Qué magníficamente bellos se ponen los Galayos cuando la niebla merodea por sus paredes. Ambiente alpino de alta montaña, espectáculo cambiante en el que tan pronto de la masa gris surgían retazos del Torreón, de la Tonino Re, se escondía el Pequeño Galayo o despuntaba brevemente la Aguja Negra o la Amezúa.

Las previsiones del tiempo para las siguientes horas eran tan malas que al final decidimos por unanimidad abandonar el refugio camino de la apretura. Hoy era día de encuentro, la Galayada, una actividad promovida  por Rafa Domenech y Ángel Luis Santamaría desde hace una década que reúne en el Galayar a un buen puñado de amantes de las alturas. El grueso del grupo había cenado y pernoctado en Guisando y ahora subía con cuentagotas por la Apretura. Así que el descenso, con los consiguientes encuentros, se convirtió, como quien tropieza en la calle con muchos amigos, en un parloteo que Toti se encargaba de aderezar, cada vez que nos encontrábamos con un grupo, con todo tipo de historias y bromas. Cada vez diez minutos de parada, saludos, abrazos, un poco de conversación mientras las zetas del sendero quedaban envueltas primero por la niebla y más tarde zarandeadas por la lluvia. Pero allí no se arredraba nadie, por lo menos había que subir hasta el refugio, sí, aunque no se viera ni pijo.
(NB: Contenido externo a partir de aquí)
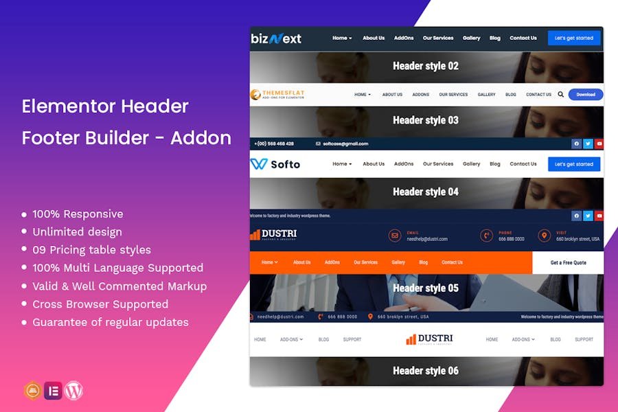 Elementor Header Footer Builder – Addon Elementor Header Using create out of the box header and footer designs. It display on the entire website? Use it to create header, footer for any design. We built 08 stlye header in the live demo and attach json file package. After buying you just need to download and import into Elementor page template you will get Header, Footer like demo.
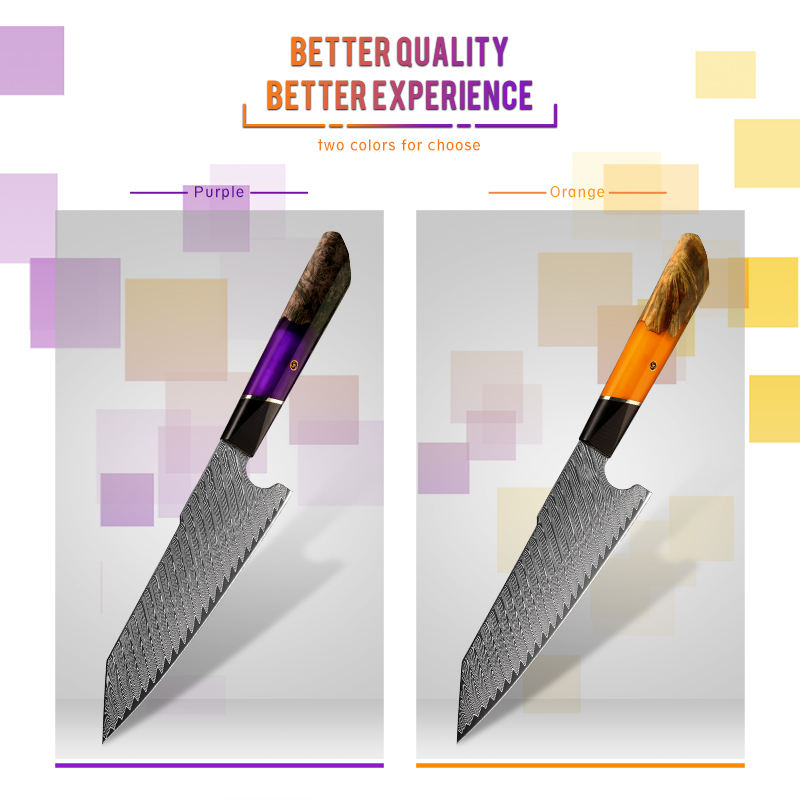 มีดทำครัวเหล็กดามัสกัสใบมีดคมคมคมคมปรับแต่งได้
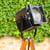 Der Spot sitzt auf einem höhenverstellbaren alten Tripod Holzstativ. Die Höhe der Stehlampe kann stufenlos von ca. 120 bis 160 cm eingestellt werden.
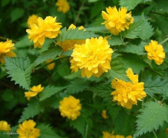 棣棠花花色不多,花瓣有单有双,各有各的美。棣棠花叶片翠绿,与榆树叶片有些相像,植株较大,是落叶灌木品种。花量惊人,盛花期纤细的枝条挂满黄色花朵,几乎不会有不开花的“无用”枝条。
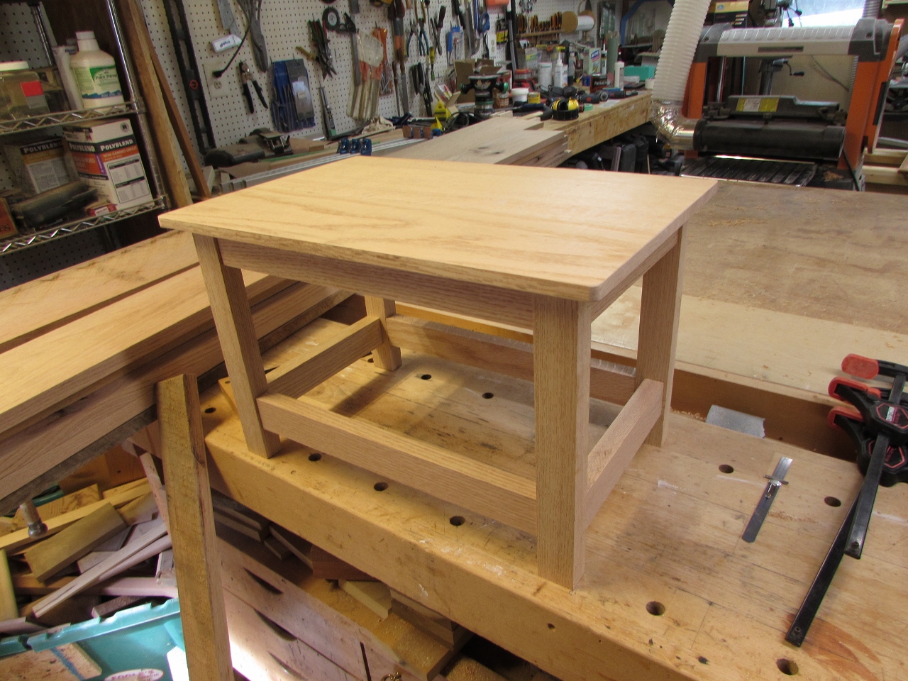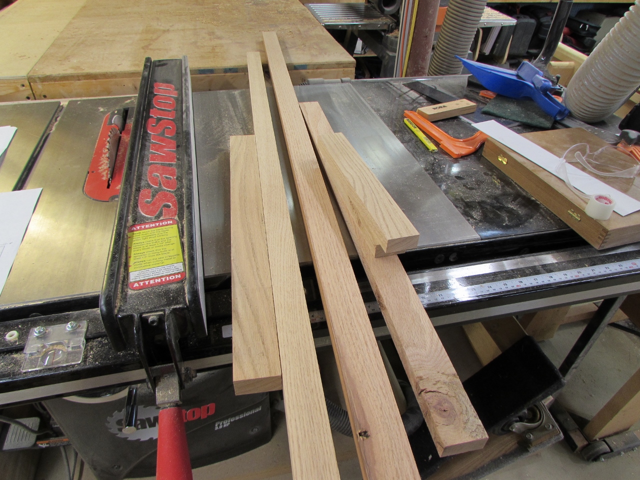 Since the whole thing is only 12″ tall, the legs don’t have to be too massive. I used some 1″ thick oak for the legs and some 7/8″ thick pieces for the cross bars.
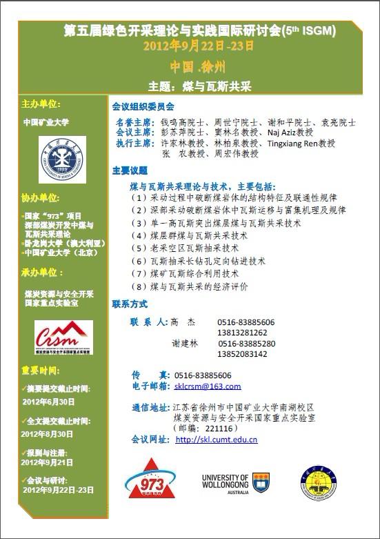 第五届绿色开采理论与实践国际研讨会征文通知
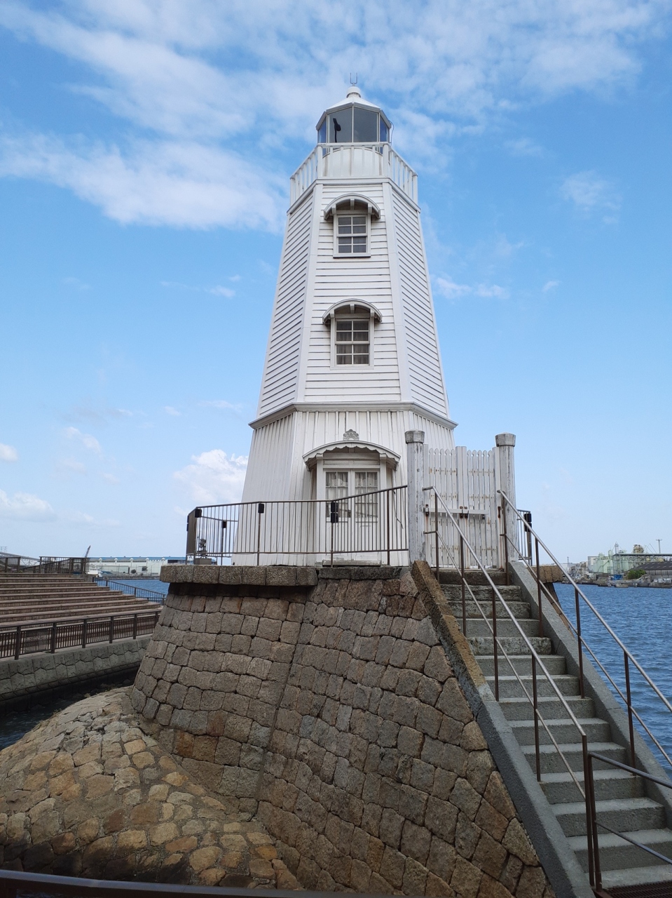堺駅から徒歩で訪問。堺東や阪堺電気軌道からは少し離れています。高架下をくぐって海沿いに出た先にあります。おしゃれで存在感のある灯台です。神戸にあっても違和感ないデザイン。現役の灯台とはまた違った魅力があります。
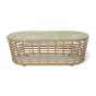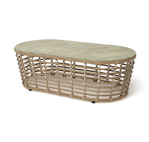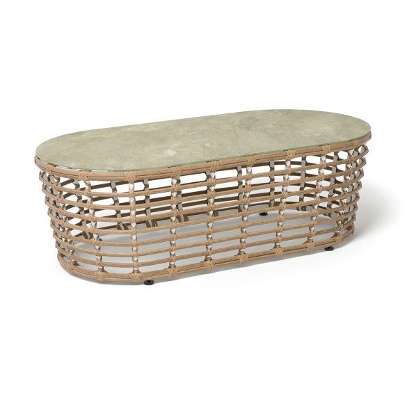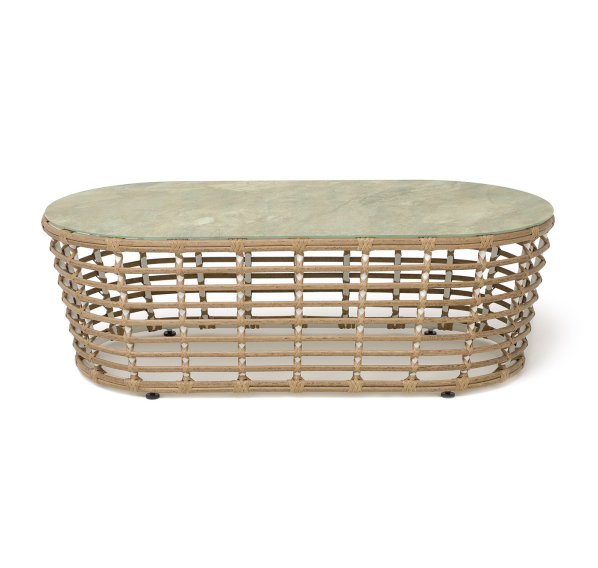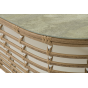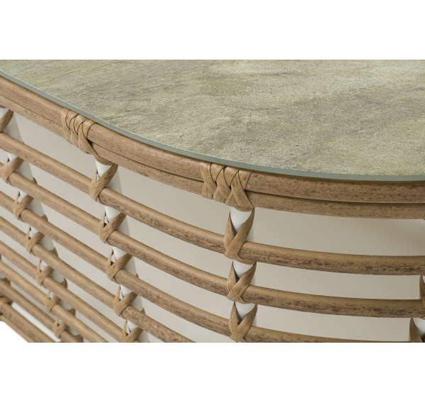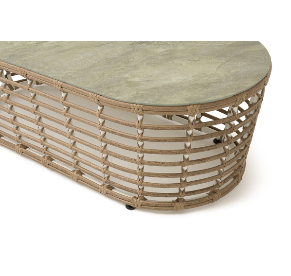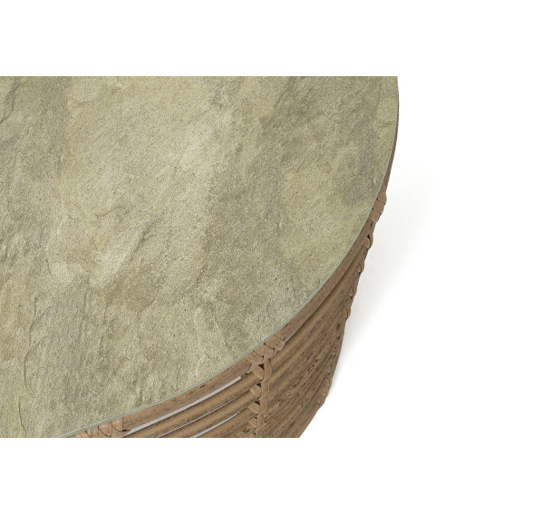 Каркас столика изготовлен из алюминия, вручную оплетенного круглым искусственным ротангом.
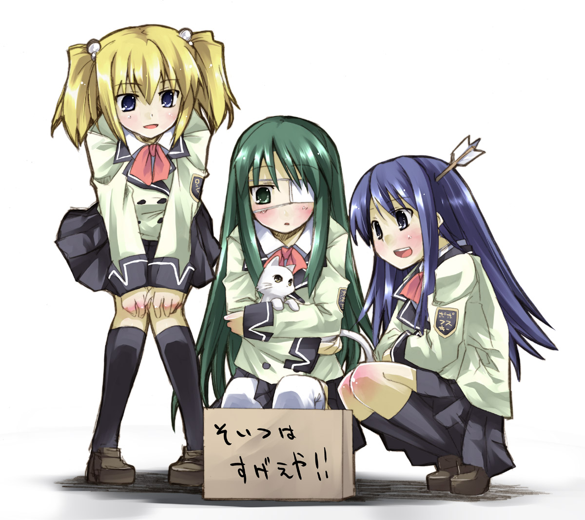 3girlsarrow (projectile)arrow in bodyarrow in headblazerblonde hairblue eyesblue hairblushboxcateyepatchgreen eyesgreen hairhair bobbleshair ornamentjacketkneehighslong hairmultiple girlsobject through headschool uniformserafukushort twintailsskirtsockssquattingthighhighstwintailsvery long hairwhite thighhighs
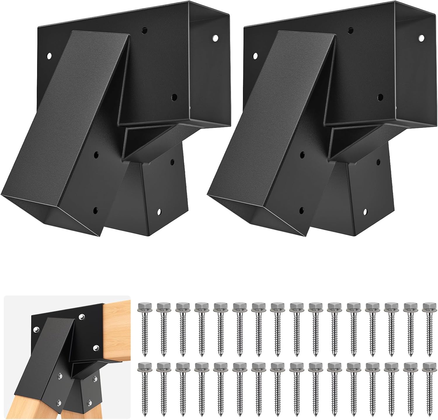SELEWARE Heavy-Duty Swing Set Brackets – A-Frame Swing Set Hardware Kit with Mounting Hardware, Fits 4 (4x4) Legs and 1 (4x6) Beam – DIY End Brackets for Backyard Swings
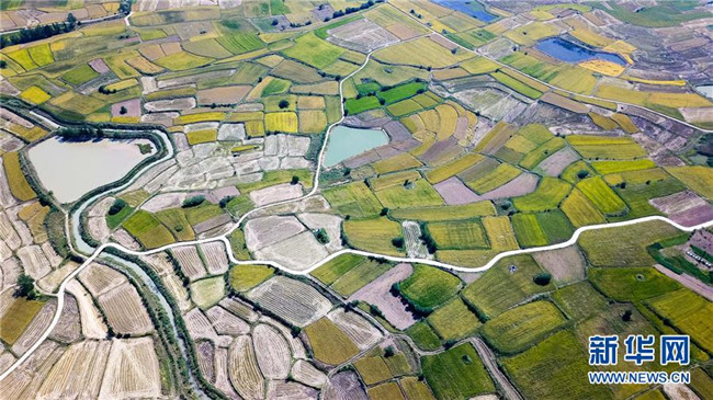 安徽鳳陽小崗村的田野景象(9月27日無人機(jī)拍攝)。 新華社記者 張端 攝
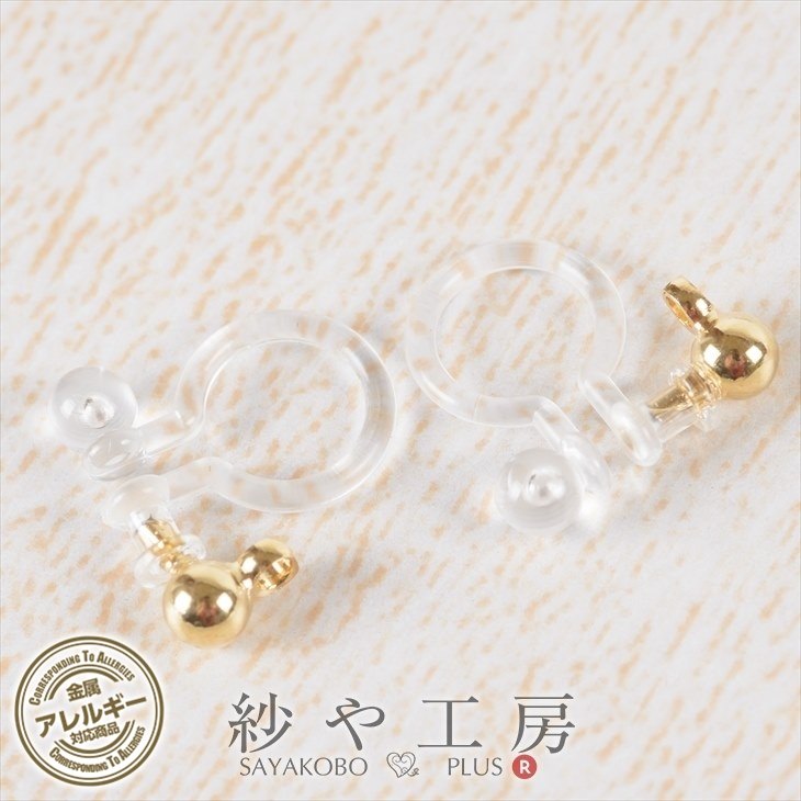 イヤリング パーツ 樹脂ノンホールピアス(約3mm玉)1ペア イヤーカフ イヤーカフパーツ クリアxゴールド カン付き金属アレルギー対応
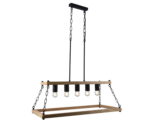 LAMP. COLGAR 5xE27-40W NEGRO MATE / MADERA
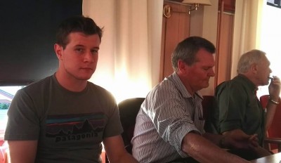 Utvekslingsstudent Cris har funnet sin plass ved siden av avgåtte president Tor Skovdal Friis og kasserer Aasmund Landsverk.
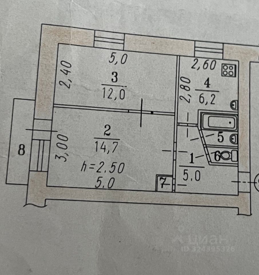 Квартира имеет жилую площадь 26,7 кв м и кухню площадью 6,2 кв м. Из окон вид на тихий двор, где расположена детская площадка.
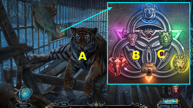 - Use SCISSORS; earn OXYGEN MASK; take 1/2 KEY CHAIN; place and select BUTTON (Q).
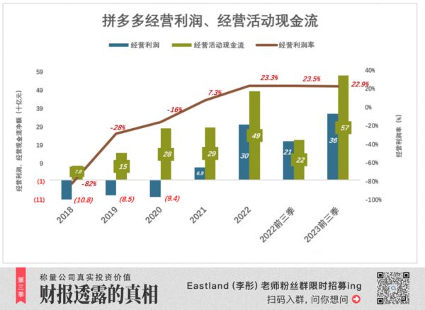 2023年前三季度,拼多多经营利润、净利润、经营活动现金流净额分别为363亿、367.4亿和572.7亿。
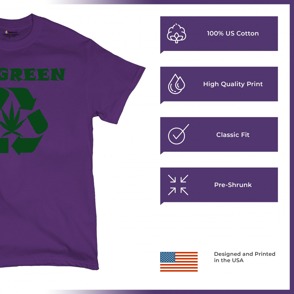 "Go Green" design combining a recycling symbol with a cannabis leaf. Perfect for those who love Mary Jane, sustainable living, and stoned humor.
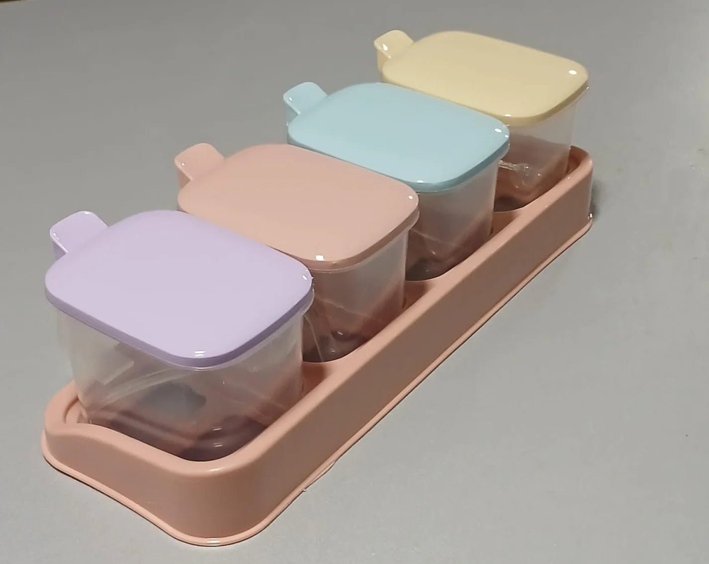 These plastic spice jars with a base come in a set of 4, each with their own plastic spoon for easy measuring. With dimensions of 30 x 11.5 x 8 cm, these jars are the perfect size for storing and accessing your favorite spices. Keep your kitchen organized and your spices fresh with this convenient set.
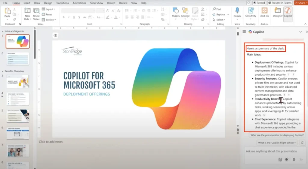 Пример: вы можете загрузить отчёт в Word, а Copilot за несколько секунд превратит его в готовую презентацию с ключевыми пунктами.
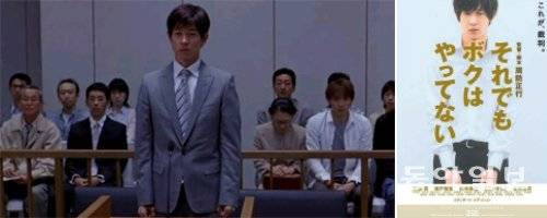 일본 영화 '그래도 내가 하지 않았어'에서 억울하게 지하철 치한으로 몰렸다가 무죄를 주장하며 1년 동안 법정 투쟁을 벌인 주인공이 결국 1심에서 유죄 판결을 받는 장면(왼쪽). "그래도 내가 하지 않았어"라는 문구와 함께 주인공이 억울한 표정을 지으며 수갑을 차고 있는 모습이 담겨 있는 영화 포스터. 영화 '그래도 내가 하지 않았어' 캡처 |
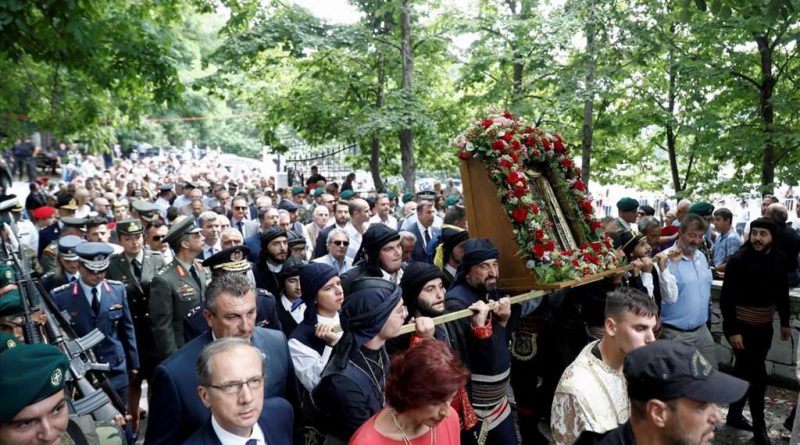 Με την Αρχιερατική Θεία Λειτουργία, τη λιτανεία της εικόνας της Παναγίας Σουμελά και την κατάθεση στεφάνων στην προτομή του Αλέξανδρου Υψηλάντη κορυφώθηκαν οι εορταστικές εκδηλώσεις του Δεκαπενταύγουστου στην ιερά Μονή της Παναγίας Σουμελά στη Καστανιά Ημαθίας.
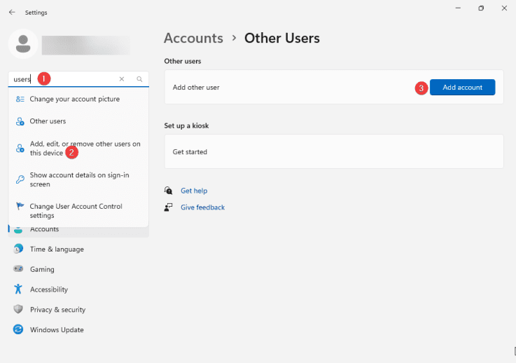 2. Type “users” into the search bar and select “Add, edit or remove” and then on the right select “Add account”.
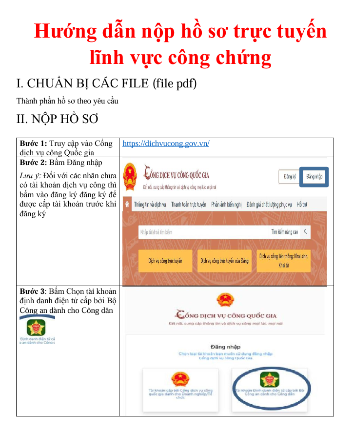 Hướng dẫn nộp hồ sơ trực tuyến lĩnh vực công chứng

Cuando dejé la Apretura atrás, me detuve a ponerme el equipo de agua; mientras tanto el resto del grupo desaparecía en la niebla. Caminar en la niebla, y más bajando de Galayos, es entrar en un especial mundo de intimidad. Hasta entonces había bajado con Pilar envueltos ambos en una charla que picoteaba de aquí de allá asuntos de educación e historia personal, y ahora era el momento del silencio y la contemplación. Fue poco más tarde que alcancé a Noelia. Supe su nombre después de descubrir un buen puñado de aficiones mutuas, entre ellas los viajes, así que antes de llegar al Nogal del Barranco ya habíamos dado un par de vueltas al mundo. Qué facilidad con Noelia para pegar la hebra y para pasar de los viajes a las experiencias íntimas de la aventura… Luego fue ser alcanzados por Ezequiel y sus compañeros y otros grupos que bajaban tras de nosotros.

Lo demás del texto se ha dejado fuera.